Your goal: Beginning with the line in which "Kids rolling luggage" appears, transcribe each line word for word until the records end. Do not include pictures.

(Source records)

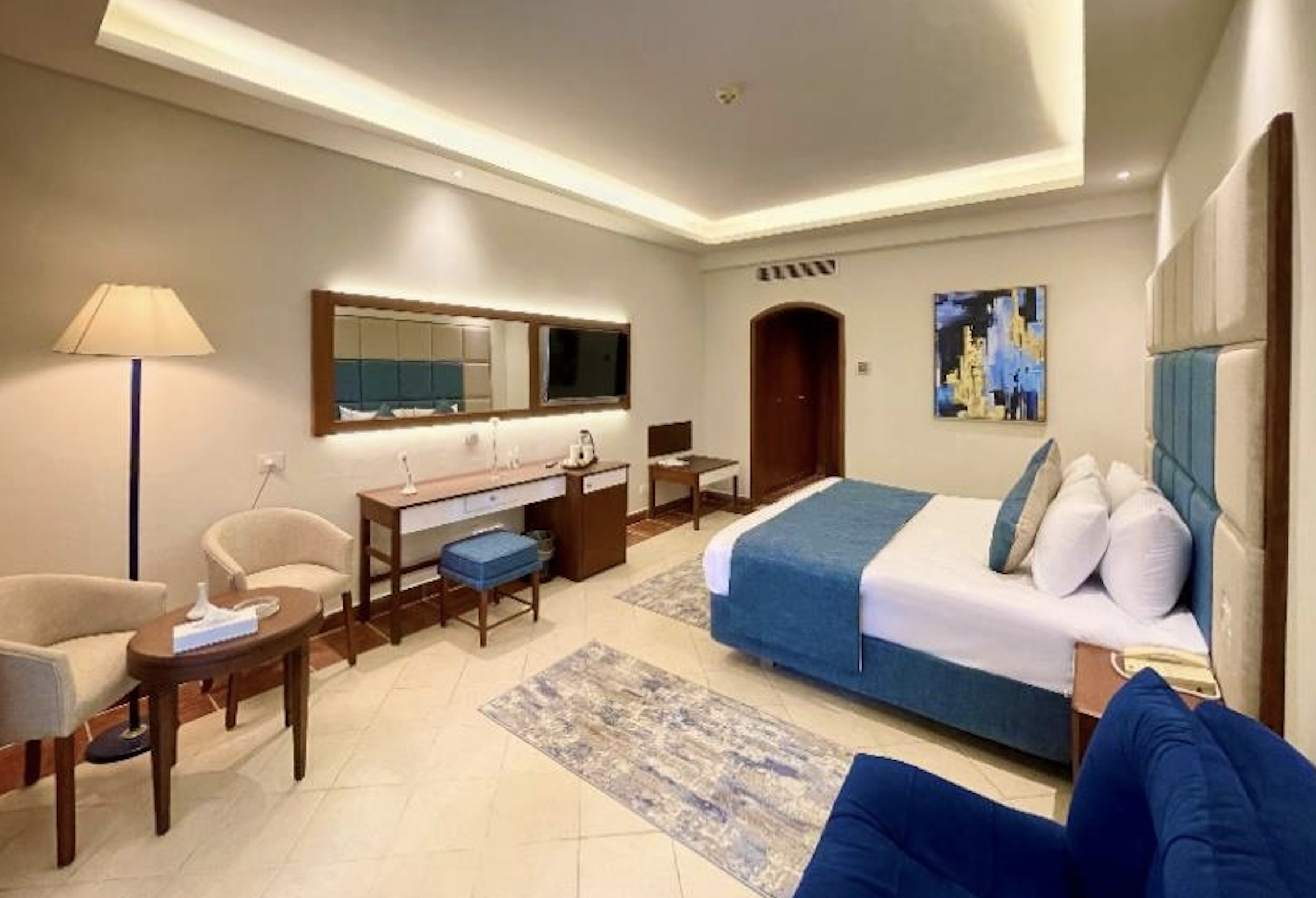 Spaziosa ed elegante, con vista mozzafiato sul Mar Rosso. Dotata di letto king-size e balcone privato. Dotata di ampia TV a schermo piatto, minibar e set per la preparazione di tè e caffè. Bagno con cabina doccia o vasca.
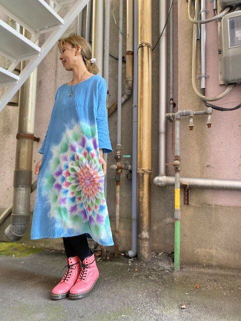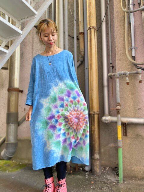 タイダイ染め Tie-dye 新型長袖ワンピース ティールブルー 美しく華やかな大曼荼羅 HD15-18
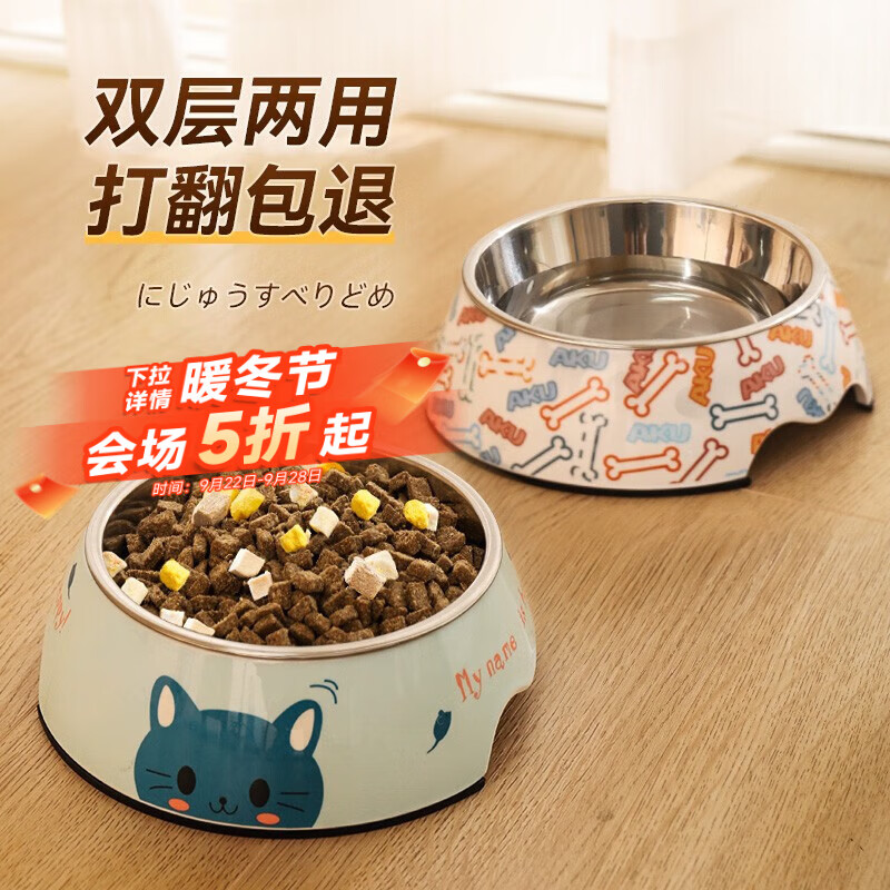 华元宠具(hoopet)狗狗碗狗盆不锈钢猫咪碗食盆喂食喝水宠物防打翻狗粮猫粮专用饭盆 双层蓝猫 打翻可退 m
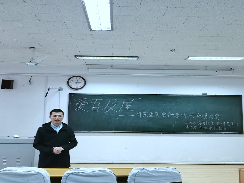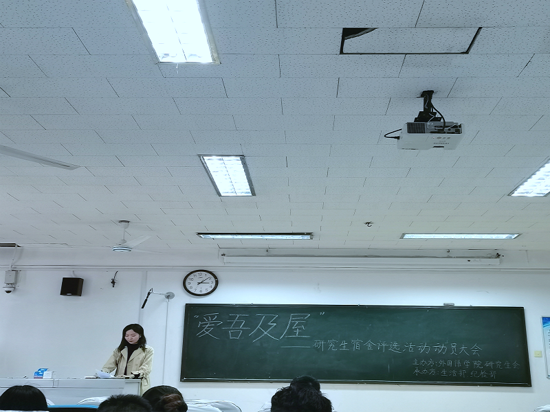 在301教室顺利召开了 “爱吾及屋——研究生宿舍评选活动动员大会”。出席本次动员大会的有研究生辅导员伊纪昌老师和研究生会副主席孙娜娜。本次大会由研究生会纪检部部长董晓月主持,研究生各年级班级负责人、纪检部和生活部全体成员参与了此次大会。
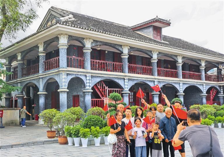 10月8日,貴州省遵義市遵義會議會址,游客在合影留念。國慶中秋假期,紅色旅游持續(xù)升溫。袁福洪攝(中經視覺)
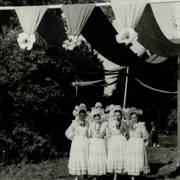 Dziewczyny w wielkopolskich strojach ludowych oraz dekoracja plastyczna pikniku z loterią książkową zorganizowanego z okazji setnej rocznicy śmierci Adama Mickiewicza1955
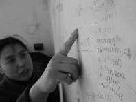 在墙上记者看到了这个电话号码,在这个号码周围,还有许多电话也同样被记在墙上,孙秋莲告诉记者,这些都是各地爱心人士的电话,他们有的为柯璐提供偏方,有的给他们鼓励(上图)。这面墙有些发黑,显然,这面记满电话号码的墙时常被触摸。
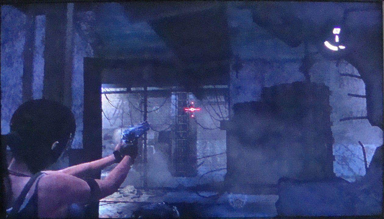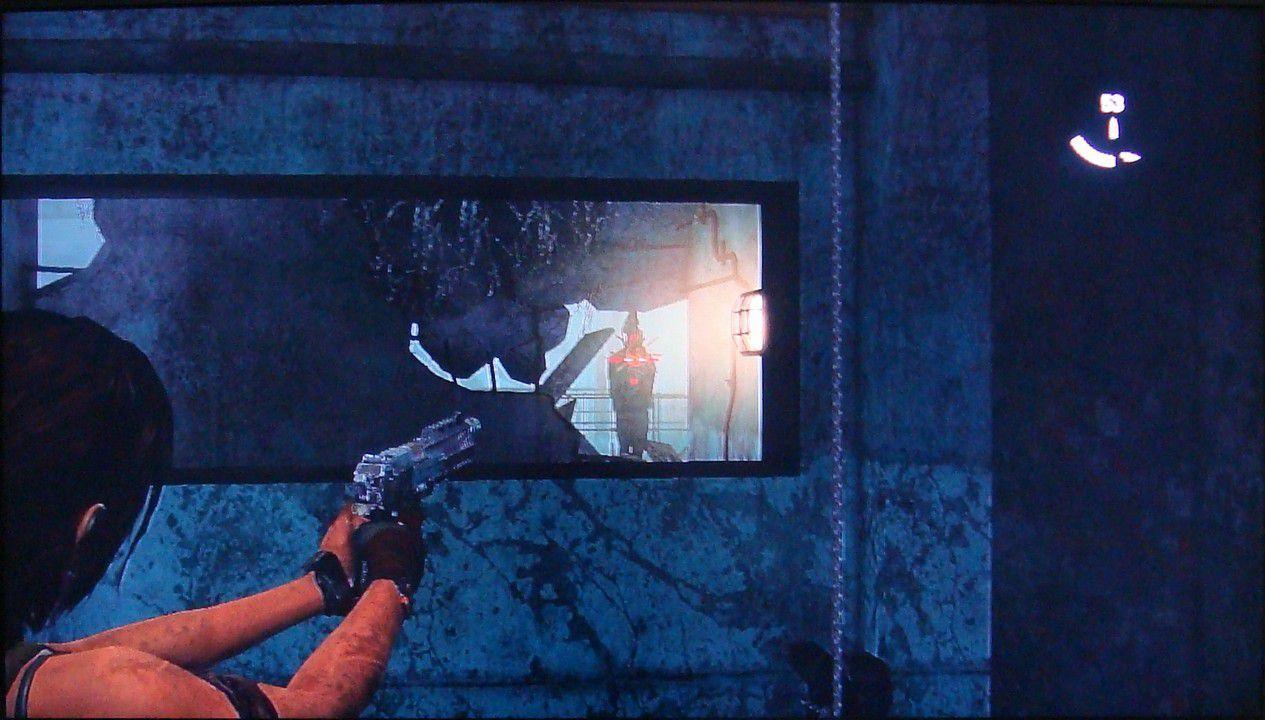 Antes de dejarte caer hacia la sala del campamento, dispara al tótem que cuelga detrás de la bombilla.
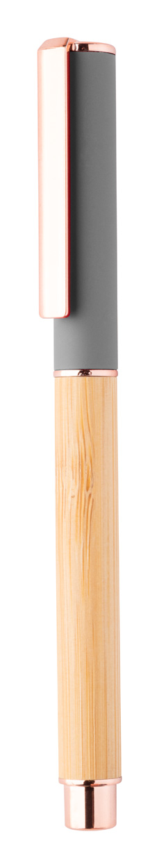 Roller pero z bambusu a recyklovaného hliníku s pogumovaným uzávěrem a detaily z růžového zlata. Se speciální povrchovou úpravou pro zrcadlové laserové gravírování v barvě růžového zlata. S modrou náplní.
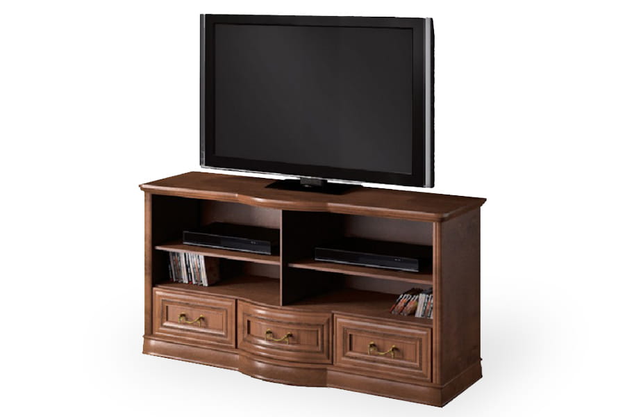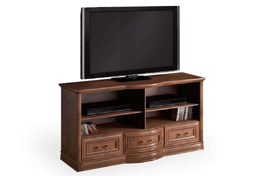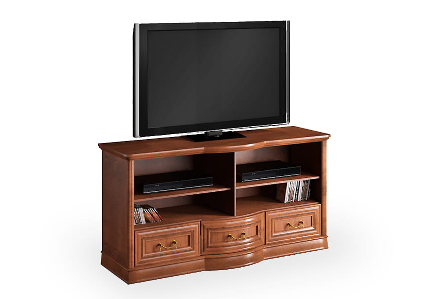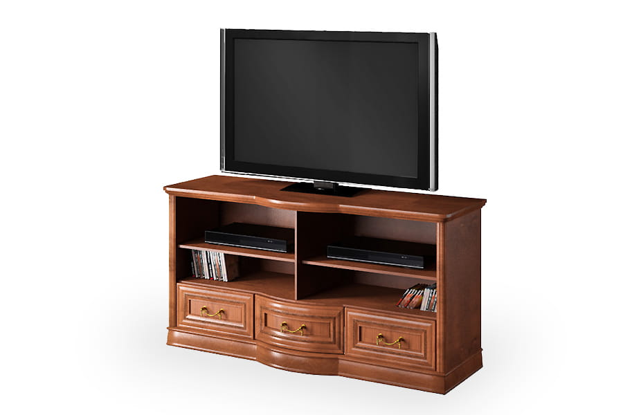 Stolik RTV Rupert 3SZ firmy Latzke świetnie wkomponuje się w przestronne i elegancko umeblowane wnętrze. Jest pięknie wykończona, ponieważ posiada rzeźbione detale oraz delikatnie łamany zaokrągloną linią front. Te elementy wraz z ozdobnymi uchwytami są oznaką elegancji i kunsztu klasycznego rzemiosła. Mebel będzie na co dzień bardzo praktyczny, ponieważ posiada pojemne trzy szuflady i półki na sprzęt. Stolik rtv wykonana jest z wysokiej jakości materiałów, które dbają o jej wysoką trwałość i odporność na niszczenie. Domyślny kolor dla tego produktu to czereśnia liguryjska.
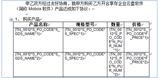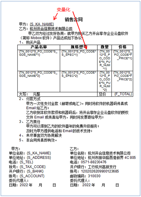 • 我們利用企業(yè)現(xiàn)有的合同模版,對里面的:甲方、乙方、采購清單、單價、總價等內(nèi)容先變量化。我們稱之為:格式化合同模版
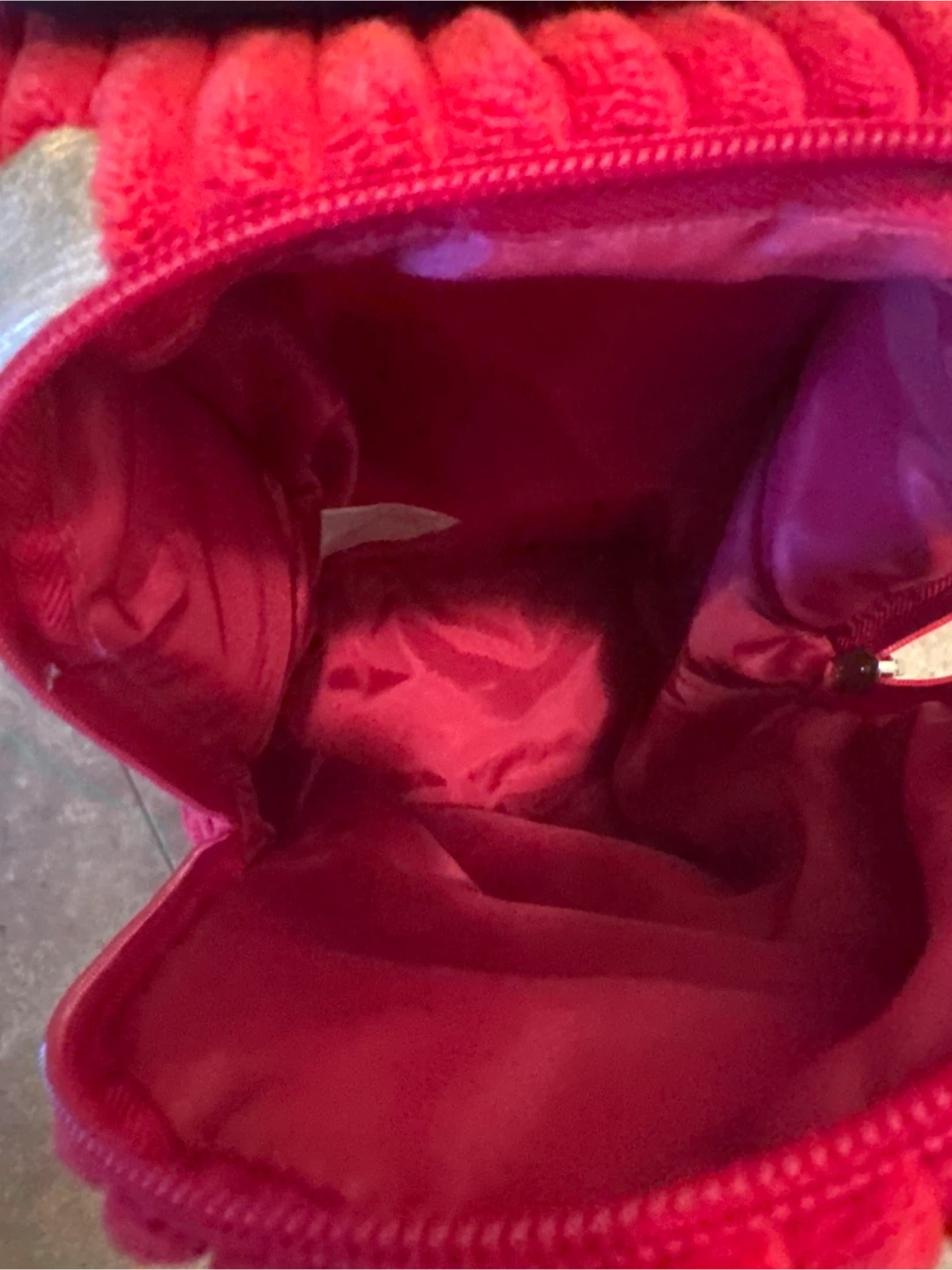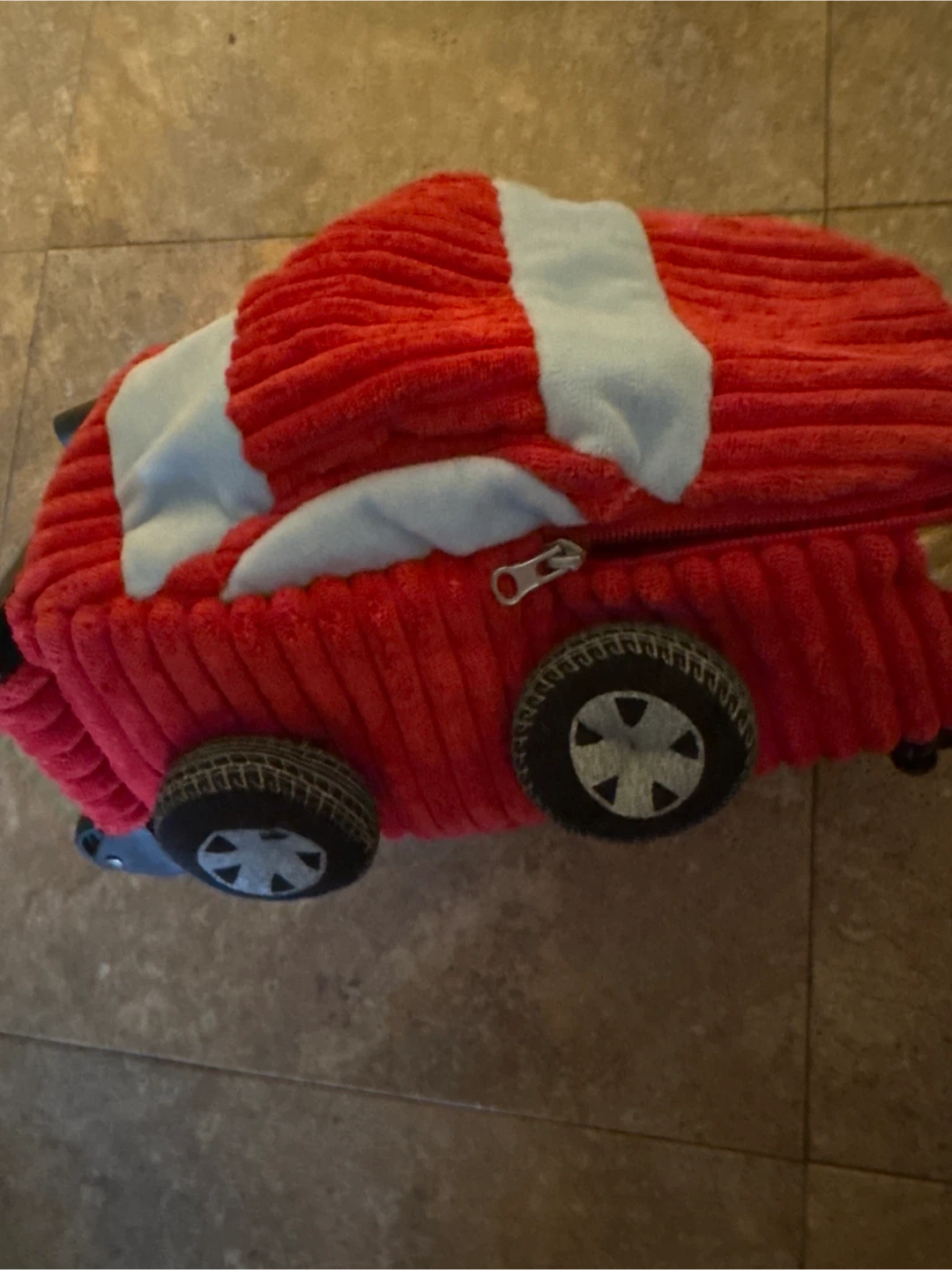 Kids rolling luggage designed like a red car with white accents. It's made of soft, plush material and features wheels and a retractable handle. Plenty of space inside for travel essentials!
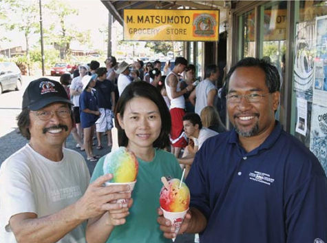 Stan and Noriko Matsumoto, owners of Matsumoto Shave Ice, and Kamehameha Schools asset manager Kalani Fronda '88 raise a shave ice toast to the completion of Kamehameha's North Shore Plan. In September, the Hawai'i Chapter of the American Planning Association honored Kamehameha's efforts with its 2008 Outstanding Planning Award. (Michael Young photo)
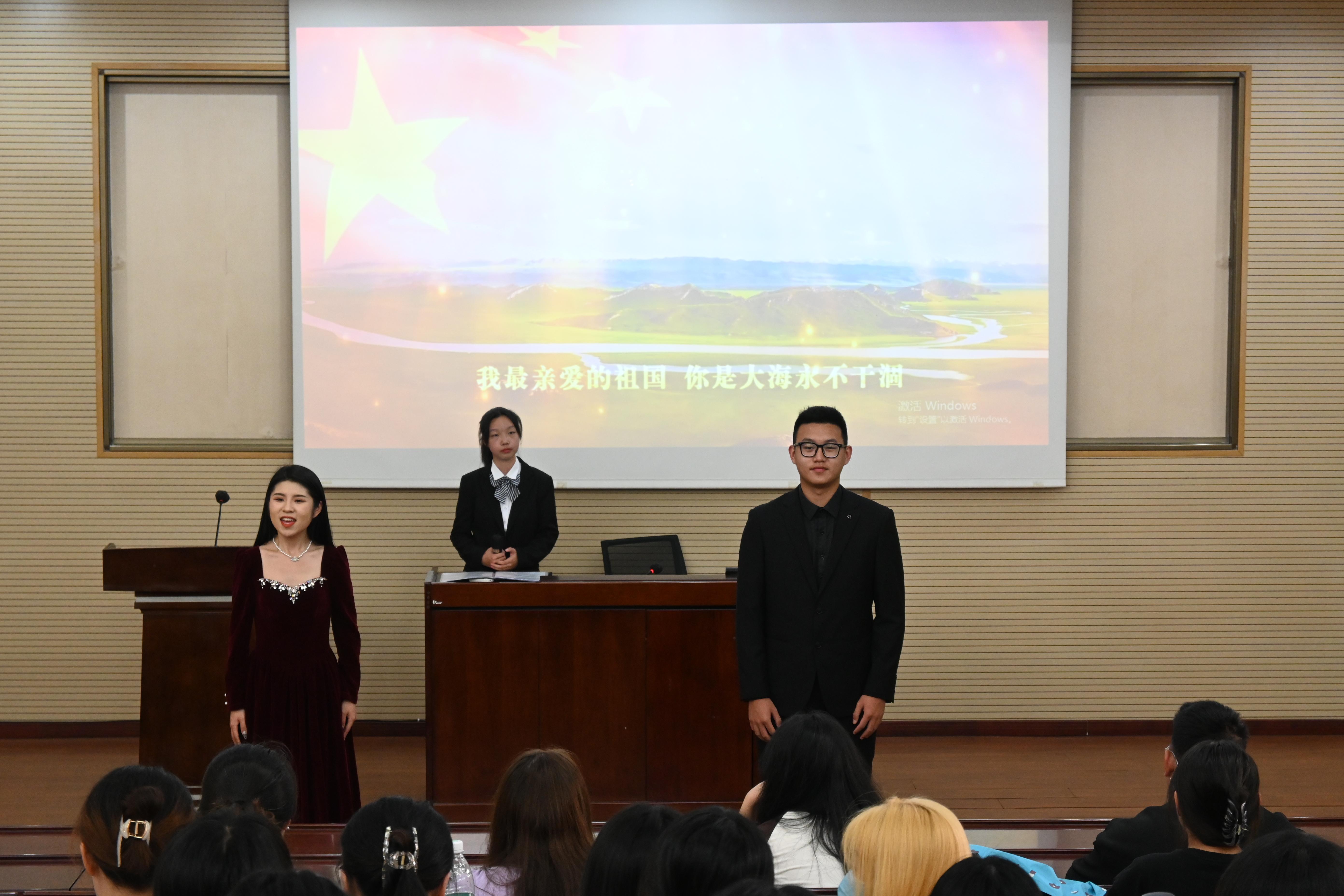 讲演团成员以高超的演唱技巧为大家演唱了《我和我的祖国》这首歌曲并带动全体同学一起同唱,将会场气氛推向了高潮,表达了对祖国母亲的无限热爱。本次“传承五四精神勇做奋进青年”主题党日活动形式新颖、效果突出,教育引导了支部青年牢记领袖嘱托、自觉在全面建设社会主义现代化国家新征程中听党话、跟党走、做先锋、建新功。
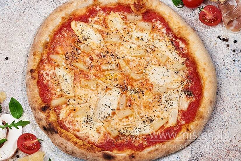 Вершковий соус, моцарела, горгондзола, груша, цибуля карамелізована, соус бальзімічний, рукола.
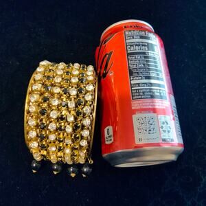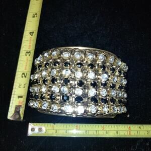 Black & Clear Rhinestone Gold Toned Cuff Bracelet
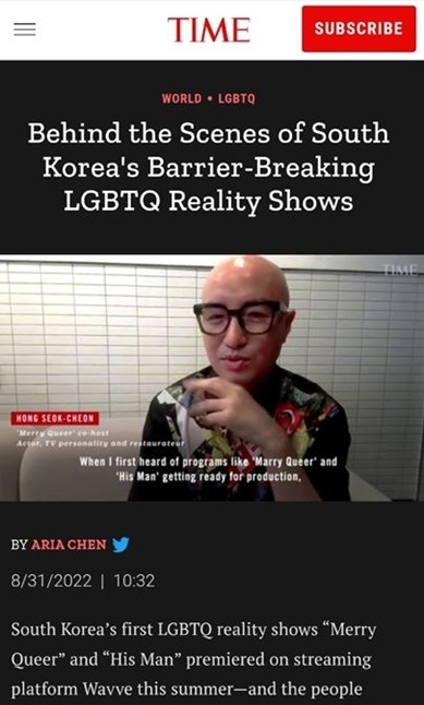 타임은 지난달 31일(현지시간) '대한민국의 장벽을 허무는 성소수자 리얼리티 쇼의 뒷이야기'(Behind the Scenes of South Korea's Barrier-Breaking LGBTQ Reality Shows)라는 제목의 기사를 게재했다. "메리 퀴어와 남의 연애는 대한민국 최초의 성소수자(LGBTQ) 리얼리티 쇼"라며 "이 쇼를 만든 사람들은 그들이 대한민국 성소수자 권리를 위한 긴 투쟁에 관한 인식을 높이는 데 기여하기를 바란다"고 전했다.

Finished exercise:
 Kids rolling luggage designed like a red car with white accents. It's made of soft, plush material and features wheels and a retractable handle. Plenty of space inside for travel essentials!
 Stan and Noriko Matsumoto, owners of Matsumoto Shave Ice, and Kamehameha Schools asset manager Kalani Fronda '88 raise a shave ice toast to the completion of Kamehameha's North Shore Plan. In September, the Hawai'i Chapter of the American Planning Association honored Kamehameha's efforts with its 2008 Outstanding Planning Award. (Michael Young photo)
 讲演团成员以高超的演唱技巧为大家演唱了《我和我的祖国》这首歌曲并带动全体同学一起同唱,将会场气氛推向了高潮,表达了对祖国母亲的无限热爱。本次“传承五四精神勇做奋进青年”主题党日活动形式新颖、效果突出,教育引导了支部青年牢记领袖嘱托、自觉在全面建设社会主义现代化国家新征程中听党话、跟党走、做先锋、建新功。
 Вершковий соус, моцарела, горгондзола, груша, цибуля карамелізована, соус бальзімічний, рукола.
 Black & Clear Rhinestone Gold Toned Cuff Bracelet
 타임은 지난달 31일(현지시간) '대한민국의 장벽을 허무는 성소수자 리얼리티 쇼의 뒷이야기'(Behind the Scenes of South Korea's Barrier-Breaking LGBTQ Reality Shows)라는 제목의 기사를 게재했다. "메리 퀴어와 남의 연애는 대한민국 최초의 성소수자(LGBTQ) 리얼리티 쇼"라며 "이 쇼를 만든 사람들은 그들이 대한민국 성소수자 권리를 위한 긴 투쟁에 관한 인식을 높이는 데 기여하기를 바란다"고 전했다.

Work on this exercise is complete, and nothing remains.